Predicting Response in Kidney and Bladder Cancer Remains in a State of Flux
Despite advances in treatment for bladder cancer and RCC, there is still an unmet need for navigating biomarkers that will offer insight as to which patients will respond best to treatment.
BY Gina Columbus
PUBLISHED May 09, 2016
As treatment regimens for bladder cancer and renal cell carcinoma (RCC) continue to expand, experts are still navigating biomarkers to identify which patients will best respond to treatment.
In an interview with CURE, Sumanta Kumar Pal, co-director of the Kidney Cancer Program at City of Hope, discusses the state of biomarker development in the field of genitourinary malignancies.
What is taking place in the field of RCC and bladder cancer?
In kidney cancer, there are some caveats to the way that we treat the disease. For instance, we use targeted therapies—drugs that affect VEGF and mTOR—but we really don’t use biomarkers to apply these therapies. It is very different from lung cancer or colon cancer. How might we get there?
Bladder cancer is a very different landscape than kidney cancer. In contrast to kidney cancer, where we have had 10 drug approvals over the past decade, we really are still stuck with cisplatin-based chemotherapy in bladder cancer. We are very little beyond that.
What biomarkers are available in kidney cancer? Which ones are in development?
For the practicing urologist, it is a little bit different. Right now, there are some biomarkers that are at their disposal. There is an Oncotype-like test available for kidney cancer, which uses a 16-gene recurrence score. These genes straddle various pathophysiological domains of kidney cancer, including vascular and inflammatory genes. This gene score was validated across both Cleveland Clinic and a French-derived cohort. It predicts risk associated with metastases. If you have a patient with localized kidney cancer, you can get some symbol of their risk score for developing metastases down the line.
For the medical oncologist, it’s a little trickier. We do have some emerging biomarkers. For instance, if you’re running mutational panels, there are certain alterations that may potentially predispose a response to VEGF-directed therapies, while others may potentially predict response to mTOR-directed therapies.
For VEGF, we think that there are alterations in a gene called KDM5C, which may potentially lend itself to longer clinical benefit for a VEGF inhibitor. There has also been some great research from Dr Toni Choueiri and colleagues from Dana-Farber Cancer Institute suggesting that, if you have mutations in mTOR such as TSC1 or TSC2, these are genes that are related to the mTOR pathway that may potentially respond to agents such as Afinitor (everolimus) or Torisel (temsirolimus).
What is the evidence for PD-L1 as a biomarker in RCC or bladder cancer?
Certainly, PD-L1 plays a role in bladder cancer responsiveness to various immune-based treatments, including PD-1/PD-L1 inhibitors. Thus far, the data is most soundly attributed to atezolizumab, where we know the response rates are concordant. For instance, 3+ staining is intense staining for PD-L1, while 1+ staining is low staining for PD-L1.

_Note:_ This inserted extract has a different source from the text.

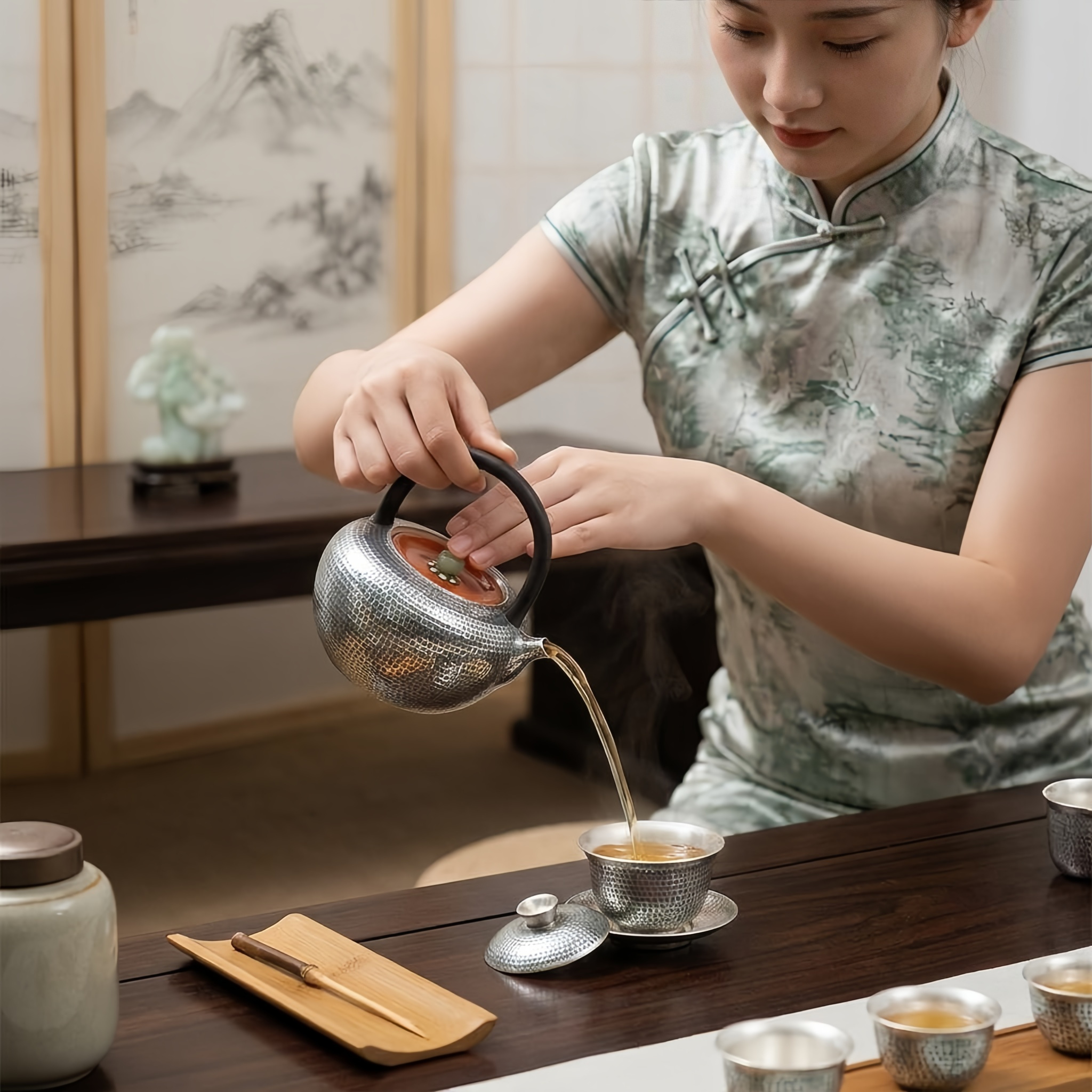 925 Sterling Silver Handcrafted Hammered Silver Teapot Featuring a Jade Finial and Arched Handle - Handicraft

We don’t quite have an accurate estimate of whether or not those patients who lack PD-L1 expression will have zero response to immunotherapy. There is still a story to be told there. That’s where other surrogates, such as mutational load, could potentially come in handy.
In general, why does it seem that many promising biomarkers are stuck in the discovery phase of research and not progressing to clinical phases?

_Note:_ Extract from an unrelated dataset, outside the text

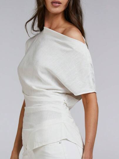 Athîral 女士休闲纯色不对称领垂褶上衣 - 杏色 - 查看 4

There is a desire on the part of pharma, on the part of investigators and on the part of patients to get drugs sent to the clinic quickly. I certainly wouldn’t disagree with that enthusiasm. It is clinically important that we segue drugs from the lab to the clinic very quickly.

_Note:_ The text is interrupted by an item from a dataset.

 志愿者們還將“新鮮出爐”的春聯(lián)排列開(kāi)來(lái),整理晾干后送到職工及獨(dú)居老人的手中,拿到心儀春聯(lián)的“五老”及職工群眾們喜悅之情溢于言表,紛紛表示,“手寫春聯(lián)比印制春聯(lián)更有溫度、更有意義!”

One of the challenges observed in RCC, where we have a multitude of different targeted therapies and now immunotherapies, is we don’t quite know how to apply them.
If we were to turn back the clock a couple of years, perhaps a more sensible way to design these trials would be to embed a lot of biomarker-based research. Then, we can better understand how we can select these patients who will have a better response to Opdivo (nivolumab) over Cometriq (cabozantinib) and vice versa.
What should the next steps entail?
The real key is, as time as goes on, we’re going to have to focus our efforts on embedding biomarkers prospectively in clinical trials for genitourinary oncology. We have not done a great job of these to date.
There are certainly some great examples of trials that have incorporated biomarkers early on. However, we need to really employ biomarkers in prospective fashion and stratify patients based on the presence or absence of PD-L1 or specific genes, for example, which can produce a predicted response to therapy. Unless we do that, we will never really have an understanding of which patient will benefit the most from any given therapy.
There is a really interesting trial being conceived right now within the Alliance for Clinical Trials in Oncology. This study will randomize patients to either a VEGF inhibitor or PD-1 inhibitor. One of the primary endpoints of this study will be to ascertain the potential role of biomarkers in predicting response. I think that will be an excellent example of a study design that we can use moving forward in this domain.